# [Dataset excerpt]
################

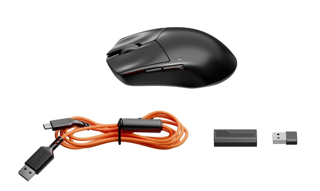 Optyczne przełączniki Omron gwarantują szybkie, miękkie i ciche kliknięcia bez opóźnień debounce. Ślizgacze PTFE z zaokrąglonymi krawędziami zapewniają jedwabiście gładki poślizg na każdej podkładce. Za pomocą be quiet! IO Center łatwo dostosujesz DPI, LOD, polling rate, mapowanie przycisków i makra oraz zapiszesz je w pamięci wbudowanej.
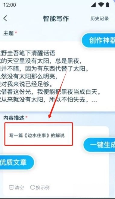 u200c3、输入主题与请求u200c:输入您想要写作的主题和具体要求,以便机器人更好地理解您的创作意图。
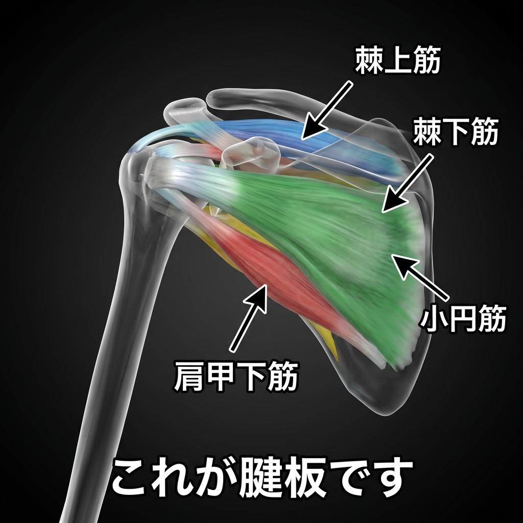 肩関節は、骨や軟骨だけでなく、「腱板」という4つの筋肉(棘上筋、棘下筋、肩甲下筋、小円筋)の腱が集まって板のようになった組織によって、安定性が保たれています。

################

Leave the pictures out, and print every line of the listing exactly as written.

# [Finished task]
 Optyczne przełączniki Omron gwarantują szybkie, miękkie i ciche kliknięcia bez opóźnień debounce. Ślizgacze PTFE z zaokrąglonymi krawędziami zapewniają jedwabiście gładki poślizg na każdej podkładce. Za pomocą be quiet! IO Center łatwo dostosujesz DPI, LOD, polling rate, mapowanie przycisków i makra oraz zapiszesz je w pamięci wbudowanej.
 u200c3、输入主题与请求u200c:输入您想要写作的主题和具体要求,以便机器人更好地理解您的创作意图。
 肩関節は、骨や軟骨だけでなく、「腱板」という4つの筋肉(棘上筋、棘下筋、肩甲下筋、小円筋)の腱が集まって板のようになった組織によって、安定性が保たれています。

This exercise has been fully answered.